I'm pretty sure my version is correct, as you can see in the journal output of my sysbox service:

Feb 02 21:18:14 lab-shared-ci-runner1-rma1 systemd[1]: Started Sysbox container runtime.
Feb 02 21:18:14 lab-shared-ci-runner1-rma1 sh[2084996]: sysbox-runc
Feb 02 21:18:14 lab-shared-ci-runner1-rma1 sh[2084996]:         edition:         Community Edition (CE)
Feb 02 21:18:14 lab-shared-ci-runner1-rma1 sh[2084996]:         version:         0.4.1
Feb 02 21:18:14 lab-shared-ci-runner1-rma1 sh[2084996]:         commit:         a8c3e99f2d20f0766b2eddf80ff565d7d6edc03f
Feb 02 21:18:14 lab-shared-ci-runner1-rma1 sh[2084996]:         built at:         Tue Feb  1 12:15:24 UTC 2022
Feb 02 21:18:14 lab-shared-ci-runner1-rma1 sh[2084996]:         built by:
Feb 02 21:18:14 lab-shared-ci-runner1-rma1 sh[2084996]:         oci-specs:         1.0.2-dev
Feb 02 21:18:14 lab-shared-ci-runner1-rma1 sh[2085002]: sysbox-mgr
Feb 02 21:18:14 lab-shared-ci-runner1-rma1 sh[2085002]:         edition:         Community Edition (CE)
Feb 02 21:18:14 lab-shared-ci-runner1-rma1 sh[2085002]:         version:         0.4.1
Feb 02 21:18:14 lab-shared-ci-runner1-rma1 sh[2085002]:         commit:         d1f8dfc060fbd8f832c33ac10d43c87aa718efdb
Feb 02 21:18:14 lab-shared-ci-runner1-rma1 sh[2085002]:         built at:         Tue Feb  1 12:16:05 UTC 2022
Feb 02 21:18:14 lab-shared-ci-runner1-rma1 sh[2085002]:         built by:
Feb 02 21:18:14 lab-shared-ci-runner1-rma1 sh[2085008]: sysbox-fs
Feb 02 21:18:14 lab-shared-ci-runner1-rma1 sh[2085008]:         edition:         Community Edition (CE)
Feb 02 21:18:14 lab-shared-ci-runner1-rma1 sh[2085008]:         version:         0.4.1
Feb 02 21:18:14 lab-shared-ci-runner1-rma1 sh[2085008]:         commit:         0e5acbf5dad57d621efb401019bc8895ac540d0f
Feb 02 21:18:14 lab-shared-ci-runner1-rma1 sh[2085008]:         built at:         Tue Feb  1 12:15:52 UTC 2022
Feb 02 21:18:14 lab-shared-ci-runner1-rma1 sh[2085008]:         built by:

/proc/sys/net/ipv4/ping_group_range seems to be unchanged:

root@f2d627e16883:/# ls -lrt /proc/sys/net/ipv4/ping_group_range
-rw-r--r-- 1 root root 0 Feb  2 20:33 /proc/sys/net/ipv4/ping_group_range
root@f2d627e16883:/# cat /proc/sys/net/ipv4/ping_group_range
65534   65534
rodnymolina commented 2 years ago

You did everything right @href, it's my fault as I missed to merge two commits with relevant changes into our public sysbox-fs repo. And, unfortunately, our CI didn't catch this either coz this being a brand-new feature, we haven't updated our ci-jobs to execute the new buildx-specific testcases ...

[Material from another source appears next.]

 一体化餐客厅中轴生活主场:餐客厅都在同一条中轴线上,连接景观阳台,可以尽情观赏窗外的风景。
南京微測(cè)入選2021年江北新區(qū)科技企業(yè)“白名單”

Thanks for letting me know. I'll have this fixed in a couple of hours.

rodnymolina commented 2 years ago

@href, changes are merged now.

Another thing, please keep in mind that Sysbox will need to be configured as the default runtime if you are attempting to launch a buildkit container from your host system (buildkit would run at level-1 in this case). Unfortunately, neither buildx nor buildctl clis offer a runtime flag, so you'll need to make use of the following instruction to set this up -- otherwise the buildkit runner will be created with the regular (oci) runc.

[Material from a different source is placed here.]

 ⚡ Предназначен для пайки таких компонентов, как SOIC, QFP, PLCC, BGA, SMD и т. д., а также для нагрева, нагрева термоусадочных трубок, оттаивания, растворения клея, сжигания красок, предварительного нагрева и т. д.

rmolina@dev-vm1:~/sysbox$ sudo ./scr/docker-cfg --default-runtime=sysbox-runc

Alternatively, if you are trying to launch buidkit within a sysbox container (buildkit running at level-2), then there's no extra configuration required.

href commented 2 years ago

Thanks, I retried it with the latest build and it worked as expected. Thank you! Looking forward to a release 🙂

rodnymolina commented 2 years ago

@lox, I'll go ahead and close this one now. Please re-open it if have any question.